Man könnte leicht glauben, dass jemand, der eine dravidische Sprache spricht, auch alle übrigen Sprachen aus dieser Familie versteht. Das ist aber leider nicht der Fall. Es gibt zwar Ähnlichkeiten, aber auch sehr viele Unterschiede zwischen den Sprachen.
Schauen wir uns doch einfach einmal die Schriftsysteme der einzelnen Sprachen an: Alle dravidischen Sprachen verwenden Varianten der brahmanischen Schrift, deren Ursprung auf das 3. Jahrhundert v. Chr. zurückgeht. Danach haben sie sich aber sehr unterschiedlich weiterentwickelt. Von den vier am häufigsten gesprochenen dravidischen Sprachen haben Telugu und Kannada das ähnlichste Schriftsystem. Deshalb können Sprechende einer der beiden Sprachen die andere auch fast problemlos lesen.
Auch in puncto Grammatik lassen sich einige allgemeine Dinge über die Mitglieder dieser Sprachfamilie feststellen. So sind die meisten dravidischen Sprachen agglutinierend (wie zum Beispiel die uralischen und die tibetischen Sprachen). Das bedeutet, dass grammatikalische Beziehungen durch mehrere Suffixe dargestellt werden können, anstatt wie zum Beispiel im Englischen durch Präpositionen. Ein anderes gemeinsames grammatikalisches Merkmal der dravidischen Sprachen ist, dass sie oft die Wortfolge Subjekt – Objekt – Verb verwenden. Im Deutschen (und in den meisten indoeuropäischen Sprachen) verwenden wir Subjekt – Verb – Objekt.

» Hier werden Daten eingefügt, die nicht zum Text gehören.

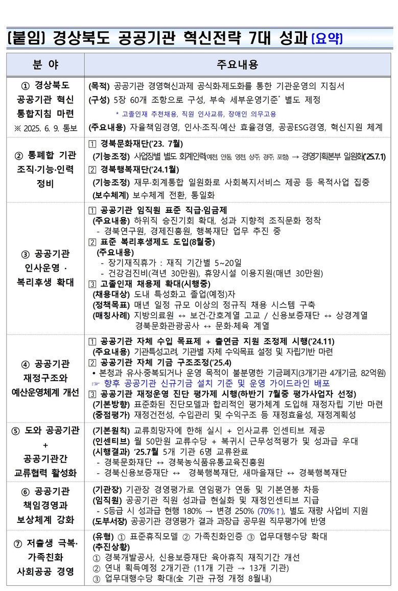 현재 주요 성과로는 ▴광역 최초의 ‘경상북도 공공기관 혁신 통합지침’마련 ▴통폐합기관 조직기능인력 정비 ▴공공기관 인사운영 혁신 및 복리후생 강화 ▴재정구조와 예산운영체계 개선 ▴도와 공공기관 및 공공기관 간 교류 협력 활성화 ▴책임경영 확대와 보상체계 강화 ▴저출생 극복·가족 친화 사회공공 경영강화 등 7대 성과로 다양한 분야에서 구체적인 성과를 달성했다.

Und schließlich gibt es noch ein ziemlich einzigartiges Merkmal in den dravidischen Sprachen: die sogenannten negativen Verben. Man kann also von jedem beliebigen Verb die Verneinungsform bilden, indem man einfach eine Endung anhängt oder die Konjugation ändert. Auch das haben viele dravidische und uralische Sprachen gemeinsam – deshalb auch die (mittlerweile verworfene) Theorie, dass sich diese beiden Familien früher einmal stark beeinflusst haben.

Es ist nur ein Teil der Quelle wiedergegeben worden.